Il serait légitime de se demander, après avoir vu la bande-annonce quelque peu inquiétante, de quel genre de film il s’agit. Deux Sœurs est-il à classer dans le cercle (très select néanmoins) des films d’horreurs cultes asiatiques ? Est-ce un drame, un thriller ? Un peu de tout cela, probablement. Kim Jee-Won éclate les genres dans son film et les propose à petite dose, de manière soignée et pondérée. Il y aura de l’horreur oui (et surtout CE moment dont vous vous rappellerez longtemps), un scénario fouillé, complexe, mais aussi de la tristesse, autant que vous en voudrez.

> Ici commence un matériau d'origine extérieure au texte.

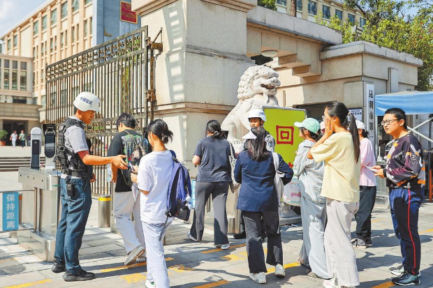 考生在昆明市第一中學(xué)考場(chǎng)踩點(diǎn)。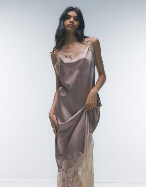 Topshop - Midi-slipdress met contrasterend kant in oudroze

Toutefois, comme énoncé plus haut, Deux Sœurs ne vous simplifiera pas la tâche du point de vue de la compréhension. En effet, l’histoire se déroule, non sans cette certaine lenteur assez typique des films asiatiques, et les repères temporels sont assez difficiles à fixer. Pour parfaire le tout, le film brise les codes du genre de l’horreur avec une grande justesse, restant fidèle aux apparitions fantomatiques que l’on pourrait retrouver dans un The Grudge ou encore dans Ring : le fantôme ne surgit pas avec fracas, mais de manière insidieuse. Vous regardez une scène que vous croyez calme, et en l’espace d’une seconde, le fantôme est là, sans qu’il n’y ait de cri ou de sursaut. Il est juste là, avec la démarche boiteuse et déstructurée que l’on retrouve dans ces quelques grands classiques de l’horreur asiatique et l’ambiance du film change peu à peu, sans que vous n’ayez senti de transition particulière.

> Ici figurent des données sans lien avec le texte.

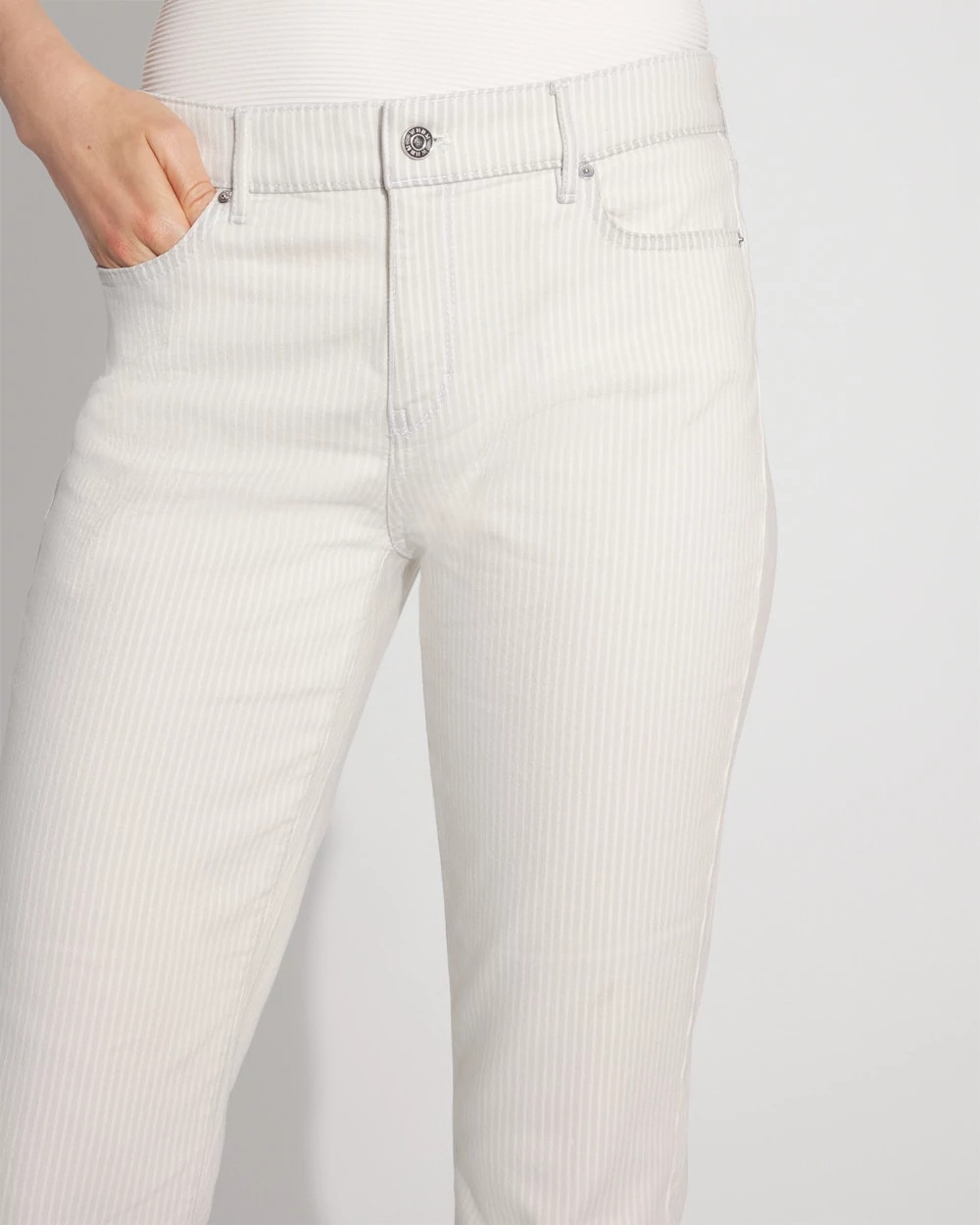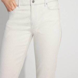 Girlfriend mid-rise jeans are cut to sit low on your hips with a slim straight leg fit and rolled ankle cuff. It’s this female-friendly silhouette that makes this cut so popular. We’ve crafted this pair from a striped cotton and Tencel denim fabric. The washed technique allows for darkening around the seams, this is normal and adds a chic style element that varies from pair to pair.

Pourtant, le réalisateur ne cède pas à la facilité de dédier son film tout entier à ce genre d’apparitions, et il marque quelques autres scènes d’effets beaucoup plus « US » où l’on sent une réelle progression allant de la tension, vers le sursaut, pour enfin aboutir au passage horrifique. Un subtil mélange des codes est donc réorchestré dans le film, de manière à ce que vous ne soyez jamais « tranquille » malgré un rythme narratif qui demeure, au contraire, plutôt lent. Enfin, entre les souvenirs, les fantômes, et les divers rebondissements, vous vous retrouverez assez vite perdu dans cet univers sombre mais néanmoins poétique.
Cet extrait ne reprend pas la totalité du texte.